## Collected data
**********
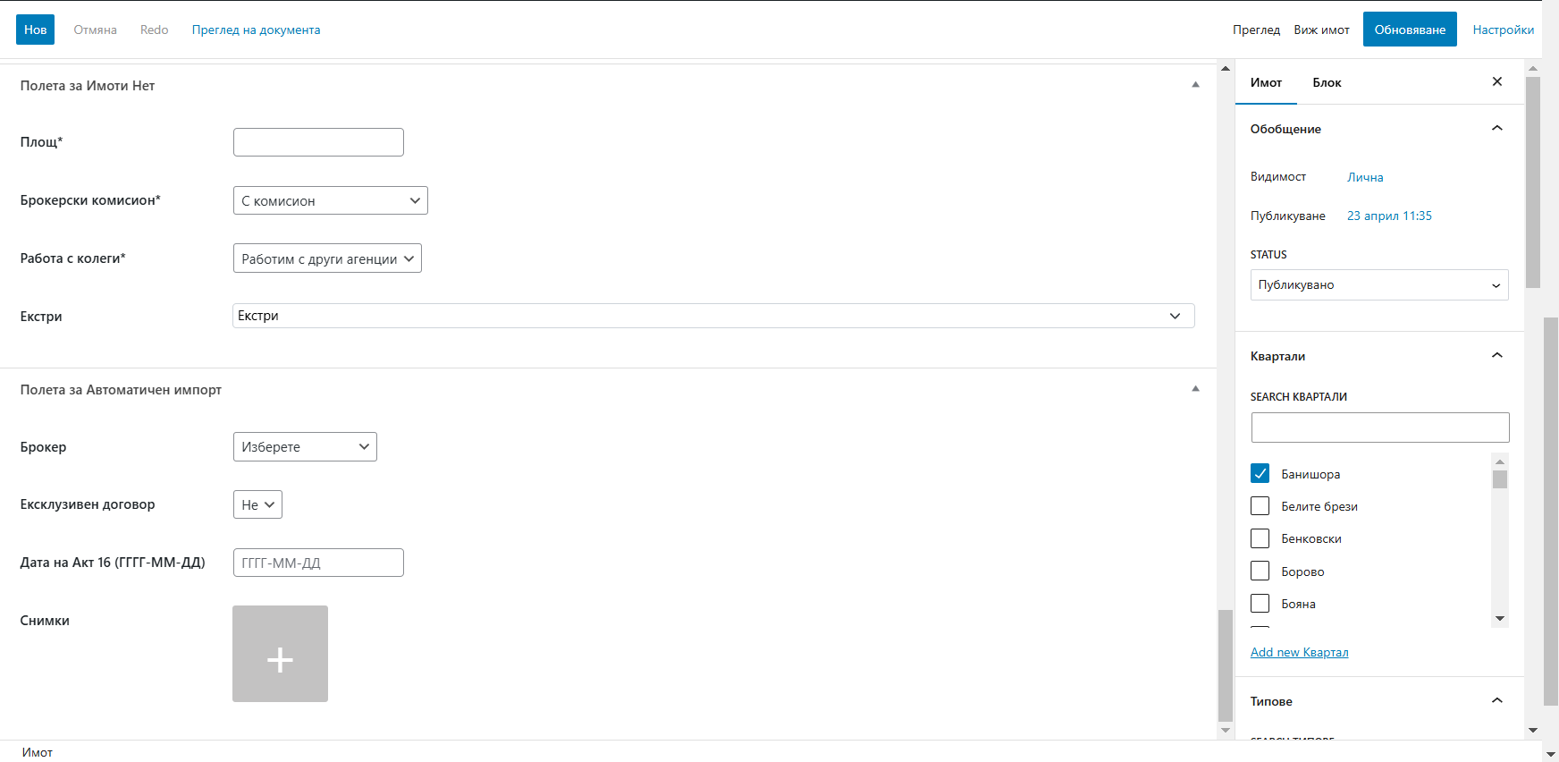 - Лесно свързване на полета и таксономии: Всяко поле, необходимо за качване на обява в имотните портали, се свързва с полетата и таксономиите на Вашия сайт, като осигурява безпроблемен и коректен трансфер на информация.
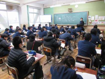 1年3組の数学科の授業では、立体の体積と表面積の復習をしました。
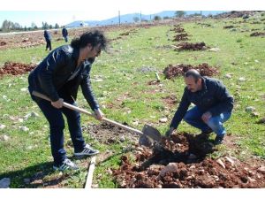 Sağlık ve Sosyal Hizmet Emekçileri Sendikası Didim Temsilciliği üyeleri, Akbük yolu üzerinde 200 çam fidanını toprakla buluşturdu.
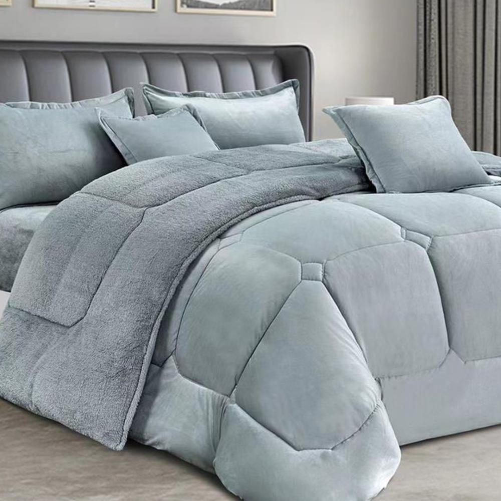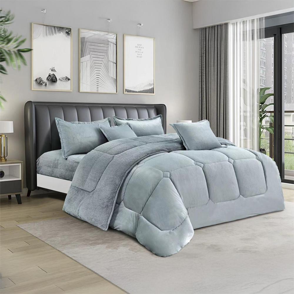 طقم لحاف شتوي مفرد بلون سادة موديل CMBP-009 يمنح غرفتك دفئًا وأناقة عملية. وجه مخمل سوبر ناعم بملمس مريح ووجه فرو خفيف للاحتفاظ بالحرارة بتوازن. الحشوة من ألياف دقيقة عالية الجودة لتوزيع ثابت بدون تكتل. الشرشف مطاطي بعمق 40 سم يحيط المرتبة بإحكام ويثبت مكانه طوال الليل. تصميم سادة سهل التنسيق مع مختلف الديكورات.
**********
## Your task
Please output the lines from the line that holds "Sağlık ve Sosyal" through the final line of the material above, both included. Each line must match exactly, and pictures must be excluded.

## Solution below
 Sağlık ve Sosyal Hizmet Emekçileri Sendikası Didim Temsilciliği üyeleri, Akbük yolu üzerinde 200 çam fidanını toprakla buluşturdu.
 طقم لحاف شتوي مفرد بلون سادة موديل CMBP-009 يمنح غرفتك دفئًا وأناقة عملية. وجه مخمل سوبر ناعم بملمس مريح ووجه فرو خفيف للاحتفاظ بالحرارة بتوازن. الحشوة من ألياف دقيقة عالية الجودة لتوزيع ثابت بدون تكتل. الشرشف مطاطي بعمق 40 سم يحيط المرتبة بإحكام ويثبت مكانه طوال الليل. تصميم سادة سهل التنسيق مع مختلف الديكورات.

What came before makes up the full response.